• [Problem to work on]:
Each line from the first entry to the line with "唐装男秋冬季棉衣加厚加绒棉袄中老年人男装爸爸棉服外套爷爷冬装", both included, is to be returned unchanged, with any pictures dropped.

• [Records to process]:
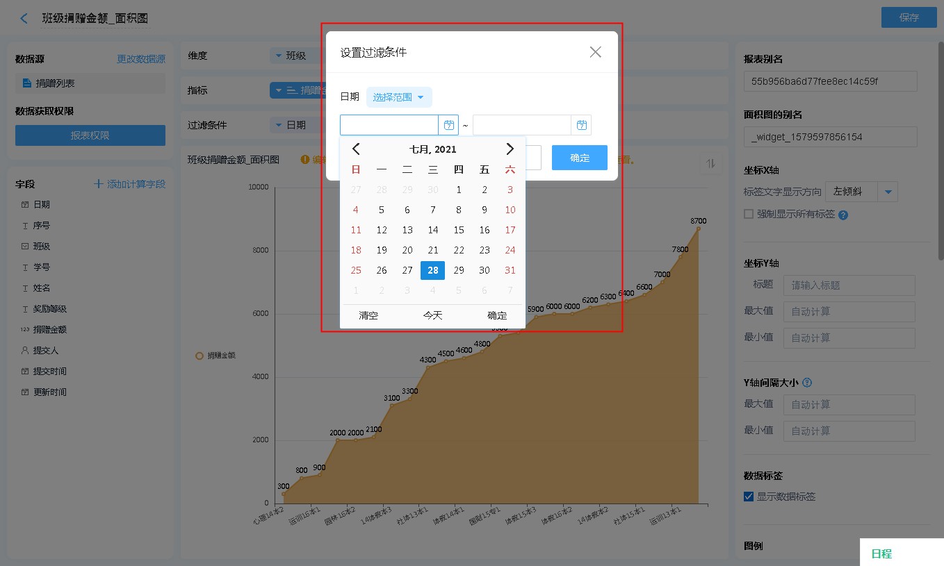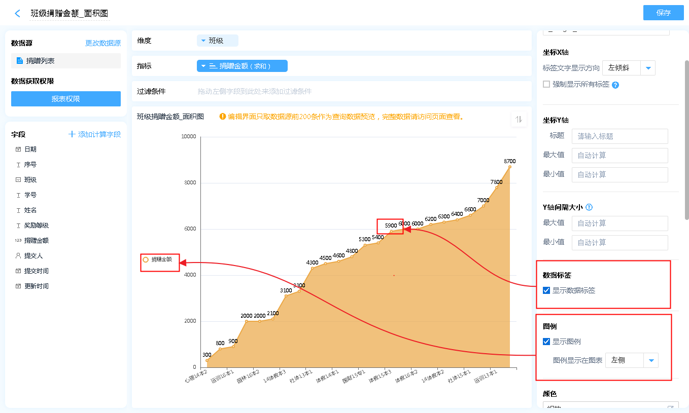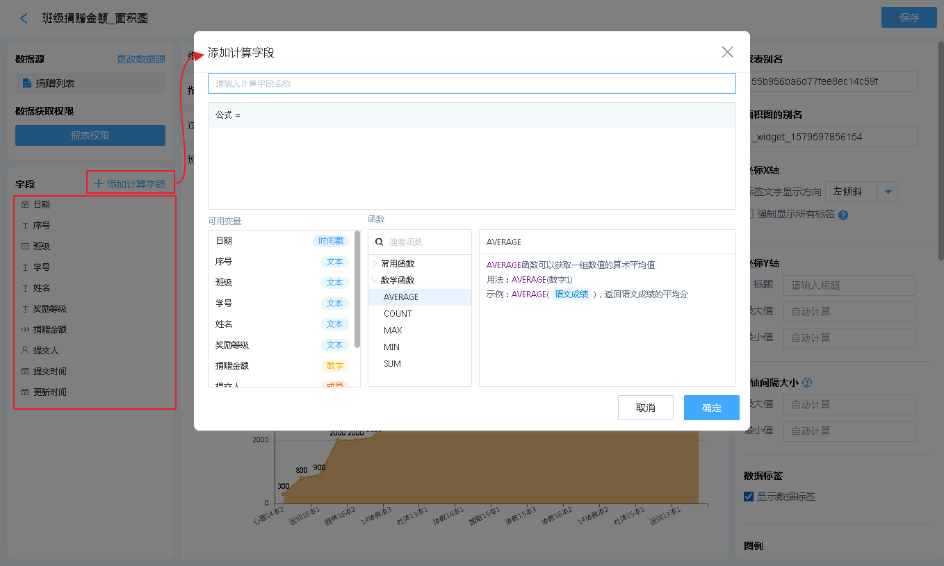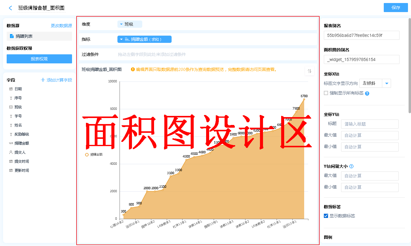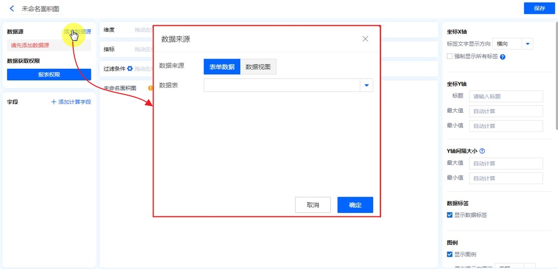 数据源就是指当前面积图表的数据来源,可以是表单、数据视图、聚合表。
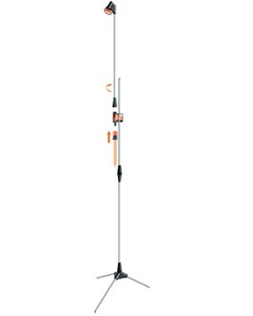 Razstavljen tuš na podaljšku je primeren za vrt, kampiranje in balkone. Osnova je iz nerjavečega aluminija. Tuš ima posebno ročico, s katero se prilagaja višina, in ventil, ki regulira pretok vode. Trinožno stojalo je primerno za vse trde površine. Višina 200 cm.
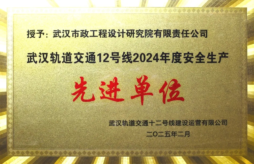 喜報|武漢市政院榮獲“武漢軌道交通12號線2024年度安全生產(chǎn)先進單位”稱號
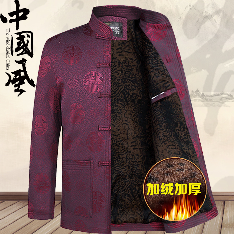 唐装男秋冬季棉衣加厚加绒棉袄中老年人男装爸爸棉服外套爷爷冬装
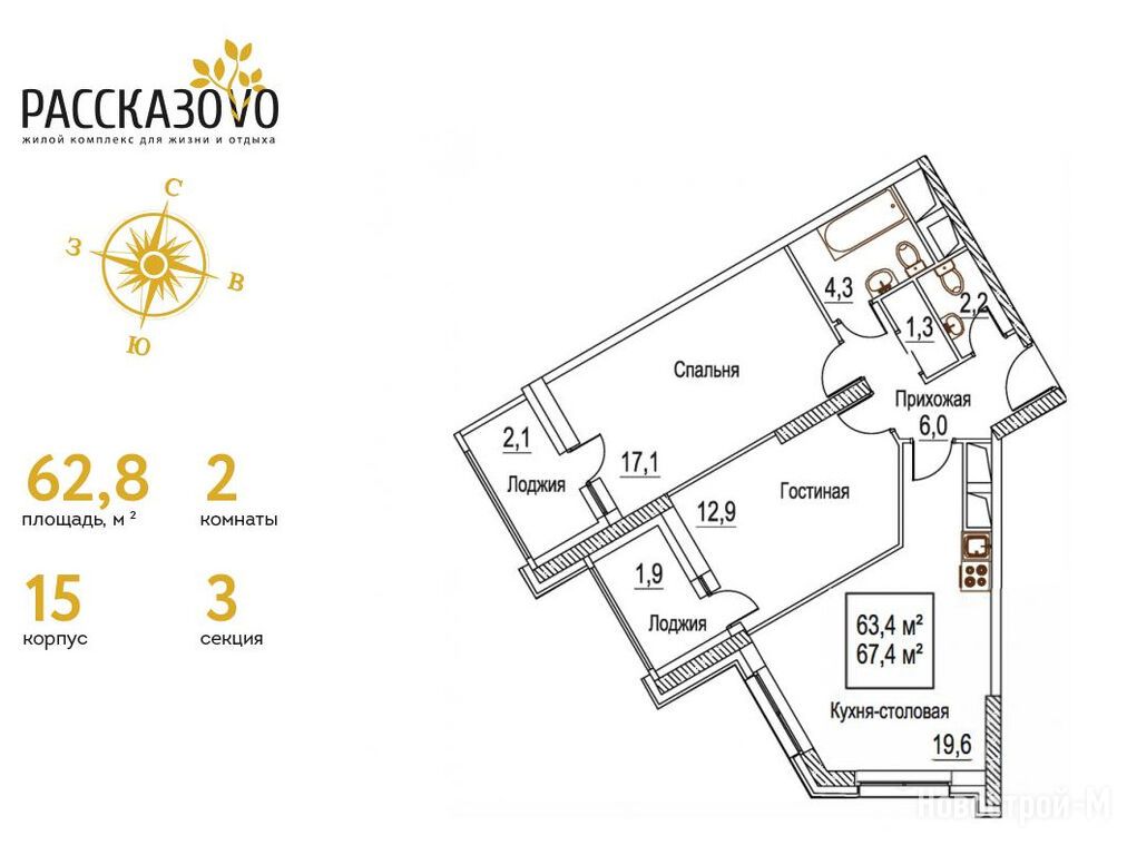Продается двухкомнатная квартира в новостройке ЖК «Рассказово» по адресу Москва, ТиНАО, Новомосковский АО, Внуковское С/П, Рассказовка деревня, бульвар Андрея Тарковского, д. 10. Общая площадь квартиры - 67.9 кв. м. Тип проекта, по которому построен дом — Монолитно-кирпичный, компания-застройщик — Sezar Group (Сезар Групп). Стоимость квартиры — 22 950 200 руб. Способы оплаты можно уточнить у продавца. Более подробная информация по телефону.

• [Answer to this task]:
 数据源就是指当前面积图表的数据来源,可以是表单、数据视图、聚合表。
 Razstavljen tuš na podaljšku je primeren za vrt, kampiranje in balkone. Osnova je iz nerjavečega aluminija. Tuš ima posebno ročico, s katero se prilagaja višina, in ventil, ki regulira pretok vode. Trinožno stojalo je primerno za vse trde površine. Višina 200 cm.
 喜報|武漢市政院榮獲“武漢軌道交通12號線2024年度安全生產(chǎn)先進單位”稱號
 唐装男秋冬季棉衣加厚加绒棉袄中老年人男装爸爸棉服外套爷爷冬装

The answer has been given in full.